汉文帝废除“收拏”及“相坐”
太史公及班固对汉文帝评价非常高。《史记·孝文本记》结尾,太史公曰:“孔子言“必世然後仁。善人之治国百年,亦可以胜残去杀”。诚哉是言!汉兴,至孝文四十有馀载,德至盛也。廪廪乡改正服封禅矣,谦让未成於今。呜呼,岂不仁哉!”
在《太史公自序》中,关于为什么要写《孝文本纪》时,曰:“《太史公自序》:汉既初兴,继嗣不明,迎王践祚【践祚:登基。】,天下归心;蠲除(juān废除;免除)肉刑,开通关梁,广恩博施,厥称太宗。作《孝文本纪》第十。”
班固的《汉书·文帝纪》最后,赞曰:“……专务以德化民,是以海内殷富,兴于礼义,断狱数百,几致刑措。呜呼,仁哉!”

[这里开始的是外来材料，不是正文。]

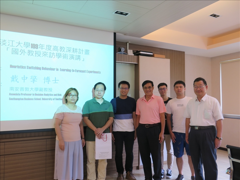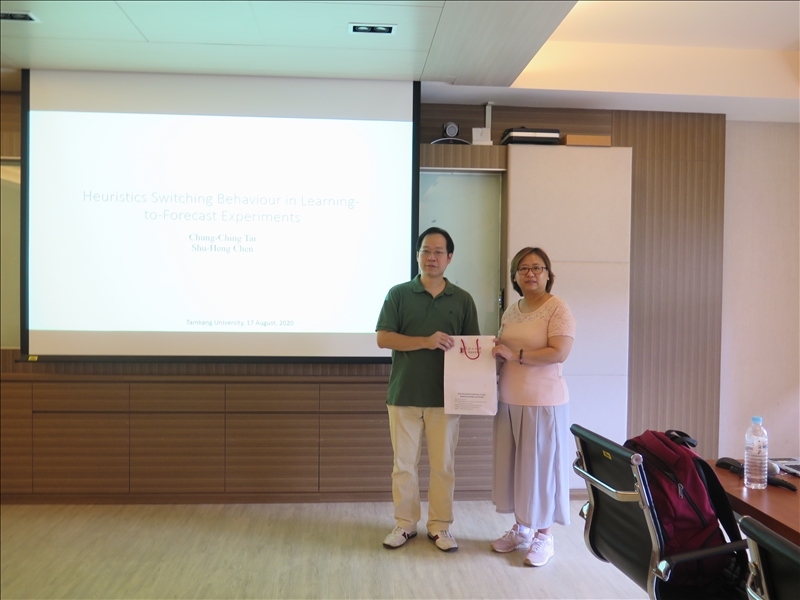 本次邀請英國University of Southampton副教授戴中擎博士介紹最新的研究成果,講題為Heuristics Switching Behaviour in Learning-to-Forecast Experiments (捷思轉換於學習預測行為之實驗)。由於文獻上將蛛網模型的價格動態歸因於人們在4種簡單方程式選擇的結果,此法顯然不符合一般的經驗,戴副教授希望能透過實驗證明人類行為是否真的可如此簡化,因此實驗的目的在於提供人們選擇模型與讓人們直接預測所產生兩種價格動態的教授。研究結果揭示如果限制人類選擇於少數2-4種模式的選擇,價格動態將明顯出現週期性循環,此與讓受試者自由選擇預測價格的動態結果並不一致。由於經過嚴謹驗證皆得到類似的結論,因此,將對此領域之視野拓展有顯著的貢獻。戴副教授的研究亦引起與會者之共鳴及興趣,例如,大家都很好奇為何行為模式,可以歸為少數幾類,這種方式就像數位影像,可透過三原色來呈現,但並不表示自然界真的只有三原色。戴副教授追求實事,為探求真理所做的貢獻也令與會者收獲滿滿。

关于汉文帝之“仁”,人们更多关注的是因缇萦上书废除肉刑,以及“断狱数百,几致刑措”。
但汉文帝还废除过“收拏”及“相坐”之法。
在汉文帝废除“收拏”及“相坐”之法时,称:官吏本身就有劝民为善之责;因此,在汉文帝看来,对于犯罪者,官吏本身未尽到劝善之责;如果犯罪之后,又不能公正的处罚他,这是反而对百姓有害而逼迫他们去做坏事。
于是,有关官员称,遵照汉文帝的诏书,废除了收拏及相坐的法律。
太史公、班固之所以给予汉文帝如此高的评价,我觉得:更多的皇帝,忽略了官吏劝民为善的职责;故,一遇有犯罪,则强调打击。
而刑罚本身就是一把双利剑:虽然,犯罪之后受到刑罚系其罪有应得,不值得可怜与同情;但是,即使没有收拏、相坐的法律,一人犯罪,对于全家而言的打击都是灾难性的。
因此,如何减少犯罪,才是社会管理者更多应当考虑的问题。
《史记·孝文本记》(节选)
孝文皇帝元年(前179年)十二月,上曰:“法者,治之正也,所以禁暴而率善人也。今犯法已论,而使毋罪之父母妻子同产坐之,及为收帑(“收孥”:亦作“收帑”。古时,一人犯法,妻子连坐,没为官奴婢,谓之收孥。),朕甚不取。其议之。”有司皆曰:“民不能自治,故为法以禁之。相坐坐收,所以累其心,使重犯法,所从来远矣。如故便。”上曰:“朕闻法正则民悫((悫) què 诚实,谨慎:法正则民悫),罪当则民从。且夫牧民而导之善者,吏也。其既不能导,又以不正之法罪之,是反害於民为暴者也。何以禁之?朕未见其便,其孰计之。”有司皆曰:“陛下加大惠,德甚盛,非臣等所及也。请奉诏书,除收帑诸相坐律令。”